■ Data for this exercise ■
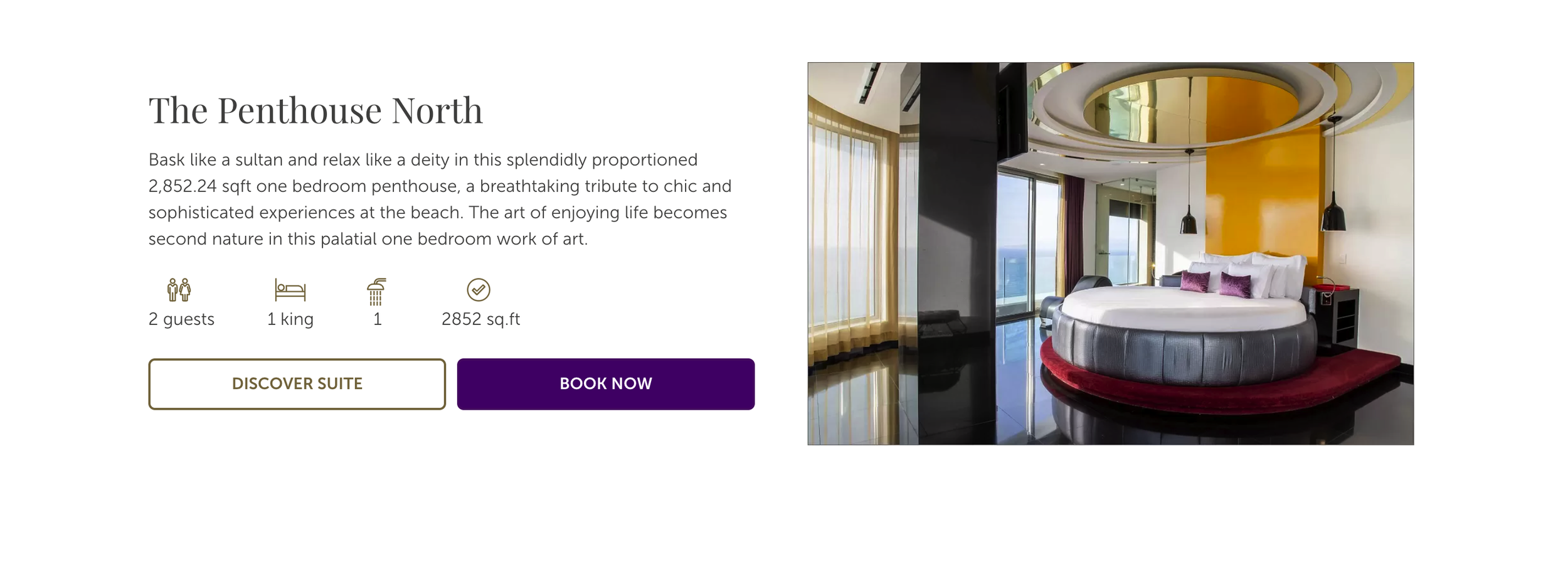 Bask like a sultan and relax like a deity in this splendidly proportioned 2,852.24 sqft (264.98m2) one-bedroom penthouse that features a lavish dining room for two guests, a library, TV lounge with 80” HD LED screen and entertainment center, a modern bar, full kitchen, ocean view terrace with jetted infinity plunge pool and iPad responsive curtains, lighting, and ambiance.
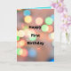 Brown with different colored lights with Happy First Birthday black writing in front.
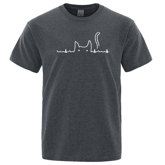 Dark Gray Casual Men's T-Shirts Cat Cute Printed Summer Cotton O-Neck Short Sleeve Top Tee T-shirts
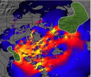 Fig. 1. Current map used to predict important connectivity areas between core habitat patches (green polygons, entered as focal regions) for mountain lions. Warmer colors indicate areas with higher current density. "Pinch points," or areas where connectivity is most tenuous, are shown in yellow. Research Collaborators: Brett Dickson and Rick Hopkins, Live Oak Associates.
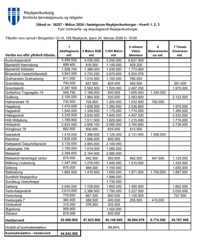 Home Fréttir Í fréttum Opnun útboðs: Málun í fasteignum Reykjavíkurborgar 2026 – Hverfi 1, 2, 3
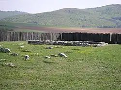 Ducové is known for an archaeological site on the Kostolec hill, where a Great Moravian fortified settlement has been unearthed. Excavations of older settlements from the Stone Age, Bronze Age and the Roman era indicate that Ducové benefited from its location on the Amber Road well before the Great Moravian era. The Slavic court was founded in the mid-9th century after the fall of the nearby hill fort in Pobedim, frequently associated with the unification of principality of Moravia and Nitra. The court was similar to Frankish courts from the 8th-9th centuries and inhabited by representatives of the Slavic elite.[8] It was protected by a massive oak palisade, doubled on one side and built on top of the prehistoric mound.[8] Administrative and representative functions were highlighted by the strategic location near the river ford.[9] Interior space was divided by additional palisades and occupied by residential buildings, outbuildings, a Christian rotunda church and a graveyard. The round rotunda with an apse is similar to rotunda found in Staré Město.[10] The court existed until 940-970[11] when it burned, most likely during the attack of the old Hungarians. The rotunda and the graveyard had been used by neighbouring villages also after the destruction of the residential buildings, the rotunda until the 11-12 century and the graveyard until the 14th.[10]
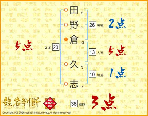 田野倉久志さんの天運は26画の2点!
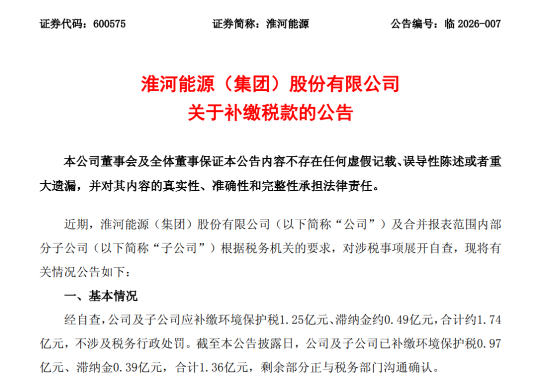 淮河能源:应补缴环境保护税及滞纳金约约1.74亿元
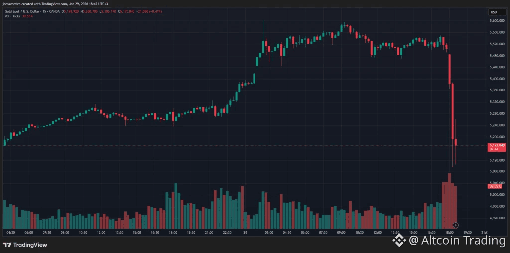 Незадолго до коррекции драгметалл достиг очередного исторического максимума на уровне $5600 за унцию. На момент написания актив торгуется около $5100.
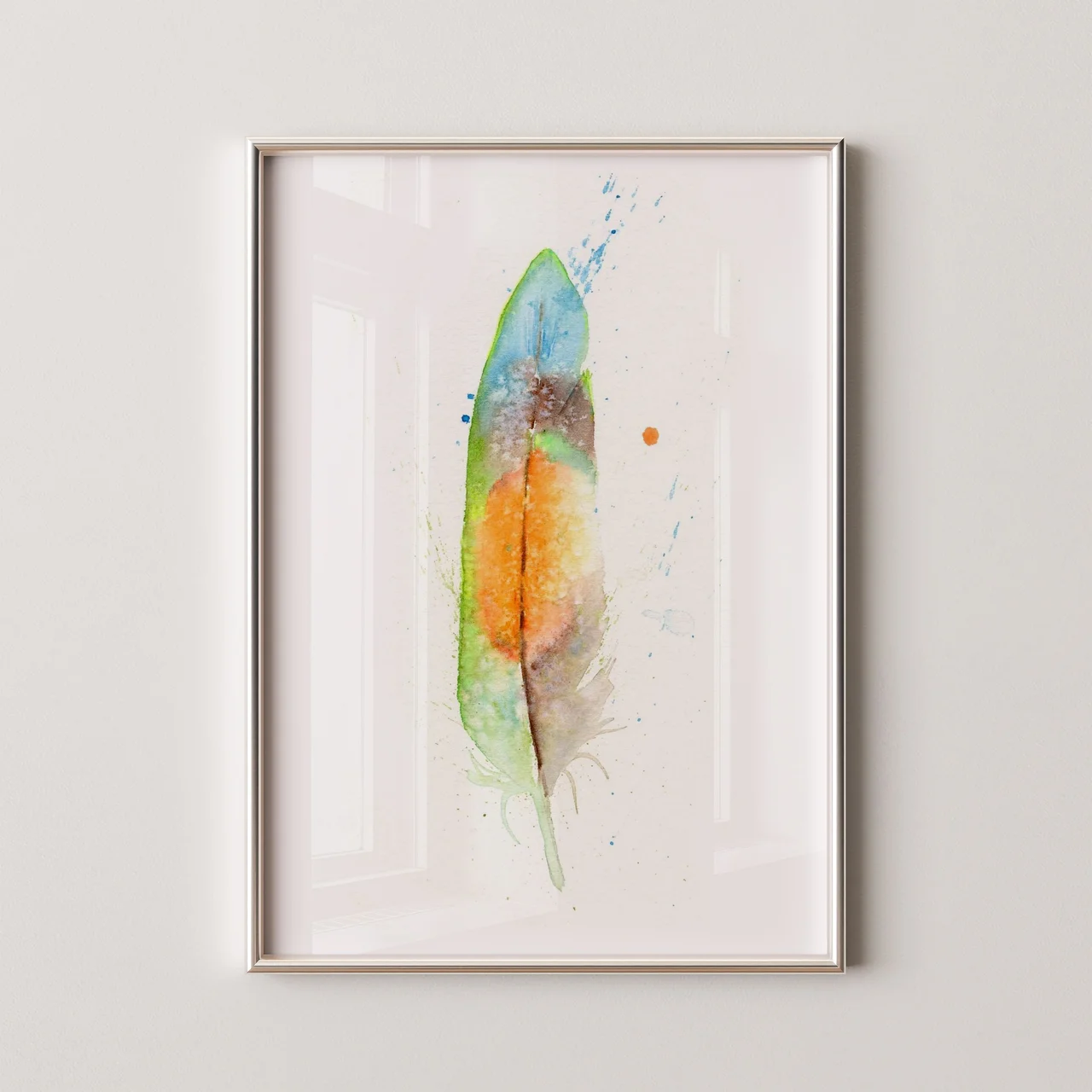 In this piece, I carefully layered hues of soft greens, vibrant oranges, and gentle blues to create a feather that speaks to both simplicity and elegance. Each brushstroke is intentional, capturing the natural flow and delicate edges that invite a sense of calm and assurance. The subtle transitions and splatters suggest a gentle movement, giving the feather a lightness that feels like a quiet promise. — Shayna, February 2023
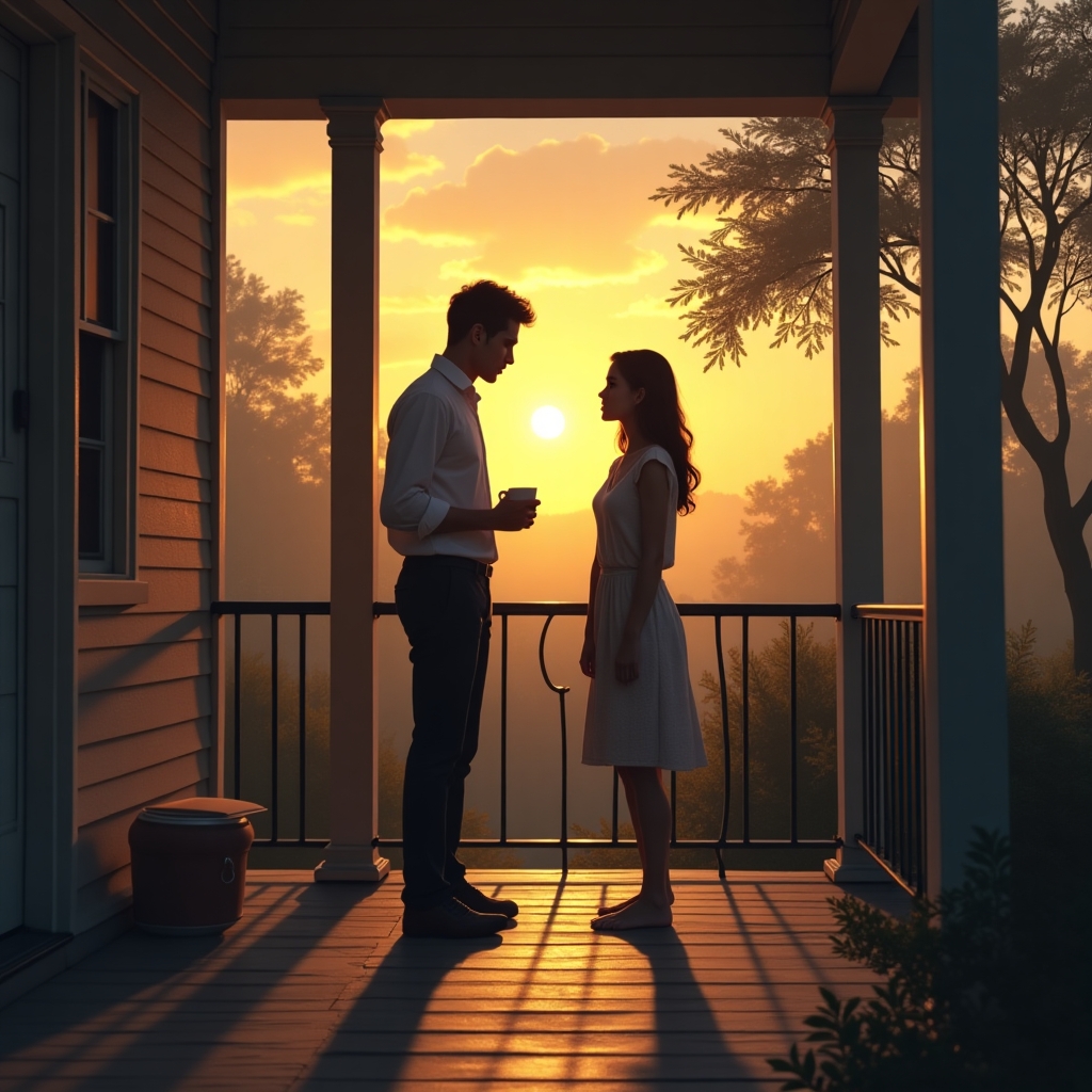 She set her cup down, hands trembling slightly as she gestured for him to join her on the porch. Silence stretched between them, thick with years of unspoken words and emotions buried under layers of resentment and pride.
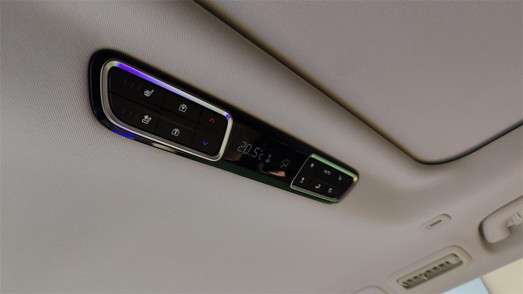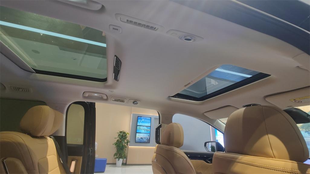 車頂的天窗被分為了前后兩部分,只有前排頭頂的是可以開啟的,二排頭頂的只是單純的天幕,不過前后都帶有獨立的電動遮陽簾;另外前排天窗的滑軌從內部來看沒有做遮擋措施,移動的滑軌和潤滑的油脂直接暴露在視野里,顯得不夠考究。
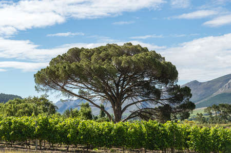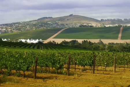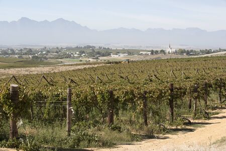 A Stellenboscsh panorama with tipical rows of vines, South Africa
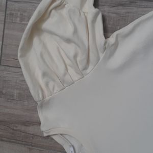 brand new without tags!! colir is off white/ivory...fabric tag in pics..french terry..pretty puff sleeve detail..size SMALL..MEASURES FLAT ACROSS 17"..LENGTH 25"...VERY PRETTY and feels great to the touch..
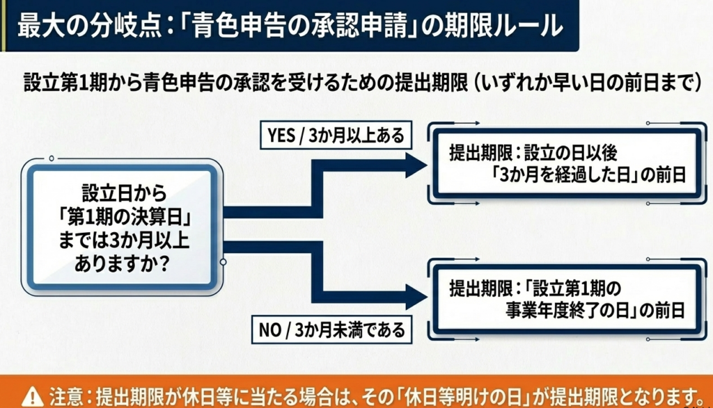 設立の日以後3か月を経過した日と、設立第1期の事業年度終了の日とのうち、いずれか早い日の前日までです。この期限が休日の場合は、休日明けの日が期限となります。

■ Directions for this task ■
Transcribe every line of the data exactly. No pictures go in the copy.

■ Solution to this task ■
 Bask like a sultan and relax like a deity in this splendidly proportioned 2,852.24 sqft (264.98m2) one-bedroom penthouse that features a lavish dining room for two guests, a library, TV lounge with 80” HD LED screen and entertainment center, a modern bar, full kitchen, ocean view terrace with jetted infinity plunge pool and iPad responsive curtains, lighting, and ambiance.
 Brown with different colored lights with Happy First Birthday black writing in front.
 Dark Gray Casual Men's T-Shirts Cat Cute Printed Summer Cotton O-Neck Short Sleeve Top Tee T-shirts
 Fig. 1. Current map used to predict important connectivity areas between core habitat patches (green polygons, entered as focal regions) for mountain lions. Warmer colors indicate areas with higher current density. "Pinch points," or areas where connectivity is most tenuous, are shown in yellow. Research Collaborators: Brett Dickson and Rick Hopkins, Live Oak Associates.
 Home Fréttir Í fréttum Opnun útboðs: Málun í fasteignum Reykjavíkurborgar 2026 – Hverfi 1, 2, 3
 Ducové is known for an archaeological site on the Kostolec hill, where a Great Moravian fortified settlement has been unearthed. Excavations of older settlements from the Stone Age, Bronze Age and the Roman era indicate that Ducové benefited from its location on the Amber Road well before the Great Moravian era. The Slavic court was founded in the mid-9th century after the fall of the nearby hill fort in Pobedim, frequently associated with the unification of principality of Moravia and Nitra. The court was similar to Frankish courts from the 8th-9th centuries and inhabited by representatives of the Slavic elite.[8] It was protected by a massive oak palisade, doubled on one side and built on top of the prehistoric mound.[8] Administrative and representative functions were highlighted by the strategic location near the river ford.[9] Interior space was divided by additional palisades and occupied by residential buildings, outbuildings, a Christian rotunda church and a graveyard. The round rotunda with an apse is similar to rotunda found in Staré Město.[10] The court existed until 940-970[11] when it burned, most likely during the attack of the old Hungarians. The rotunda and the graveyard had been used by neighbouring villages also after the destruction of the residential buildings, the rotunda until the 11-12 century and the graveyard until the 14th.[10]
 田野倉久志さんの天運は26画の2点!
 淮河能源:应补缴环境保护税及滞纳金约约1.74亿元
 Незадолго до коррекции драгметалл достиг очередного исторического максимума на уровне $5600 за унцию. На момент написания актив торгуется около $5100.
 In this piece, I carefully layered hues of soft greens, vibrant oranges, and gentle blues to create a feather that speaks to both simplicity and elegance. Each brushstroke is intentional, capturing the natural flow and delicate edges that invite a sense of calm and assurance. The subtle transitions and splatters suggest a gentle movement, giving the feather a lightness that feels like a quiet promise. — Shayna, February 2023
 She set her cup down, hands trembling slightly as she gestured for him to join her on the porch. Silence stretched between them, thick with years of unspoken words and emotions buried under layers of resentment and pride.
 車頂的天窗被分為了前后兩部分,只有前排頭頂的是可以開啟的,二排頭頂的只是單純的天幕,不過前后都帶有獨立的電動遮陽簾;另外前排天窗的滑軌從內部來看沒有做遮擋措施,移動的滑軌和潤滑的油脂直接暴露在視野里,顯得不夠考究。
 A Stellenboscsh panorama with tipical rows of vines, South Africa
 brand new without tags!! colir is off white/ivory...fabric tag in pics..french terry..pretty puff sleeve detail..size SMALL..MEASURES FLAT ACROSS 17"..LENGTH 25"...VERY PRETTY and feels great to the touch..
 設立の日以後3か月を経過した日と、設立第1期の事業年度終了の日とのうち、いずれか早い日の前日までです。この期限が休日の場合は、休日明けの日が期限となります。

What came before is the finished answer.